Bahasa Sumba dapat dibagi mejadi dua jenis, yaitu bahasa pergaulan sehari-hari dan bahasa ritual. Bahasa pergaulan sehari-hari umumnya berbentuk prosa yang banyak dikuasai dan dipergunakan dalam kehidupan sehari-hari oleh orang Sumba, sedangkan bahasa ritual berbentuk puisi yang sarat dengan metafora-metafora yang hanya dikuasai dan dipergunakan oleh orang-orang tertentu pada kesempatan-kesempatan khusus. Bahasa Ritual dibagi atas dua jenis, yaitu bahasa ritual doa (hamayangu) yang dipergunakan dalam ritus-ritus keagamaan Marapu yang diucapkan oleh imam (ratu/rato) dan bahasa ritual baitan (luluku) yang diucapkan oleh juru bicara (Wunang) pada upacara perkawinan dan penyambutan tamu.
Bahasa ritual dipergunakan dalam sejarah nenek moyang (lii Marapu), ibadah kepada Ilah Tertinggi (Lii Ndewa Lii Pahomba), cerita tentang asal-usul penyembahan pada tugu (Lii kiringu lii andungu), tentang kematian (Lii heda lii mameti), tentang raja dan ratu (Lii kanda lii ratu), tentang perkawinan (Lii lalei lii mangoma), dan sebagainya.

2.      Nyanyian Sumba
Nyanyian merupakan bagian yang tak terpisahkan dari kehidupan masyarakat Sumba. Nyanyian dilantunkan baik dalam kegiatan-kegiatan kultis keagamaan maupun dalam kegiatan-kegiatan lain. Dinyanyikan baik pada waktu suka maupun duka; baik di dalam rumah, paraingu maupun di luar rumah.
Nyanyian diiringi dengan ataupun tanpa alunan alat musik. Orang Sumba mempunyai alat-alat musik tradisional, seperti jungga, taleli, dan ngunggi. Nyanyian Sumba dapat dibagi dalam dua jenis, yaitu nyanyian umum dan khusus. Nyanyian umum yang dapat dilagukan kapan saja, dimana saja, yang terdiri dari nyanyian ratapan orang mati, kisah tentang leluhur, silsilah, nasihat dan nyanyian pantun jenaka. Nyanyian khusus adalah nyanyian yang dilagukan pada waktu tertentu, yang hanya dinyanyikan di kampung (ludu la paraingu) yang bersifat kultis marapu (Ludu Ratu dangu Ludu Karambua, Ludu Langu Paraingu, Ludu Pamau Papa, ludu pabera), dan nyanyian diluar kampung (ludu la woka).



3.      Tari-tarian Sumba
Sebagaimana dengan nyanyian Sumba, demikian juga dengan tari-tarian merupakan bagian yang tak terpisahkan  dari kehidupan orang Sumba. Tari-tarian Sumba dapat diiringi dengan pukulan gong  atau dengan nyanyian. Oemboe Hina Kapita menggolongkan tarian kedalam dua jenis, yaitu tarian umum dan tarian khusus. Tarian umum adalah tari-tarian yang dapat ditarikan oleh siapa saja da dimana saja, yang teridir dari kandingangu, kabokangu, hiringu lamba, pata lamba, tari elang, bulu ayam, tari baris.
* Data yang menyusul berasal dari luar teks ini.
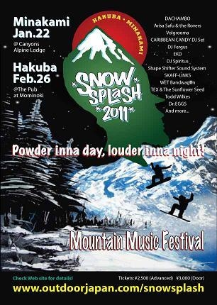 2011年1月22日(sat) GUNMA-MINAKAMI @ CANYONS 「SNOWSPLASH 2011」 Open/DJs Start: 18:30 / Start: 20:00 チケット:前売 ¥2,500 / 当日 ¥3,000 問合せ:CANYONS 0278-72-2811 / http://www.canyons.jp/ 「Main Stage」 SHAPESHIFTER (NZ) SKAFF-LINKS ARISA SAFU & THE ROVERS & more TBA... CARIBBEAN DANDY DJ Set: 藤井悟 aka SATOL.F (HEAD CASE) TETZ MATSUOKA (CLUB SKA) KAZ SUDO (THE ZOOT 16) AMEMIYA KSK (CARIBBEAN DANDY) SAUDI (未来世紀メキシコ) TXAKO (JAPONICUS) DOC.KOYAMANTADO (FZMX) TZ (CHANKA B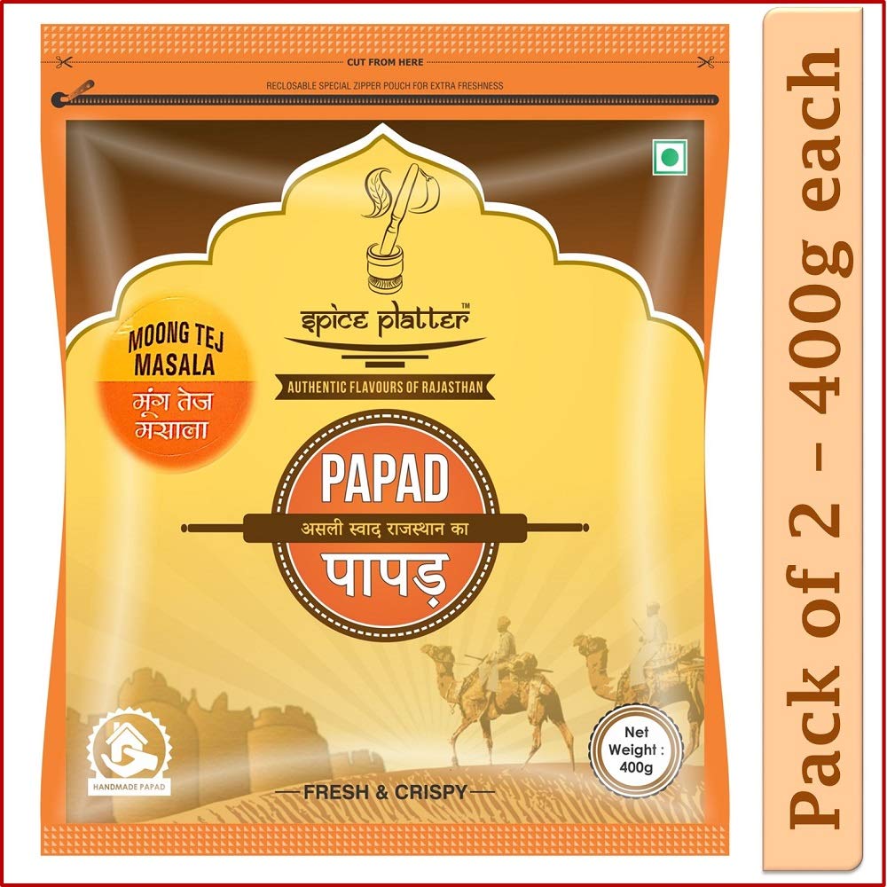 Spice Platter Moong Tej Masala Papad 800g are legendary Rajasthani papad infused with right crispness and flavour that makes every meal delicious. Pack of 2 - 400g each

C.    GKS dan Adat Istiadat, Keebudayaan, serta Bahasa Sumba
GKS menyadari bahwa ia tumbuh dan berkembang dalam lingkungan masyarakat Sumba. Ia menyadari bahwa gereja Kristus di Sumba dan oleh karena itu gereja ini adalah gereja bagi orang orang Sumba. Orang Kristen di Sumba harus tetap menjadi orang Sumba yang mengakui Kristus sebagai Tuhan dan Juruselamatnya dalam konteks Sumba. Namun disadari pula bahwa adat istiadat dan kebudayaan Sumba tidak selurunya cocok dengan Injil. Oleh karena itu, GKS berupaya untuk melakukan kontekstualisasi Injil di Sumba. Berikut ini beberapa upaya kontekstualisai yang dilakukan GKS sepanjang sejarahnya.
1.      Arsitektur Gedung Gereja
Arsitektur gereja yang bergaya Eropa dibawa oleh utusan ke Sumba. Gedung gereja ini mempunyai menara dan didalam  menara ini ditempatkan lonceng gereja yang didatangkan dari Belanda. Bagi orang Sumba, arsitektur ini tidak dipandang sebagai unsur asing, sebab arsitekturnya sama dengan arsitektur rumah orang Sumba. Setiap gedung GKS memiliki menara diatasnya. Hal ini menjadi ciri khas yang membedakan  gedung GKS dari gedung gereja lain di Sumba. Perbedaanya hanya terletak pada jumlah tiang, bangunan yang bertingkat, dan perabot dalam gereja. Hal ini merupakan unsur baru bagi orang Sumba. Sekalipun gedung gereja dibangun dengan menara, anggota jemaat tidak percaya bahwa Tuhan Allah berdiam  di dalam menara tersebut seperti dalam kepercayaan Marapu dan lonceng gereja  tidak dipandang sebagai  tanggu Marapu. Tanggu Marapu adalah benda-benda yang dipercayai sebagai hak arwah nenek moyang (dewa).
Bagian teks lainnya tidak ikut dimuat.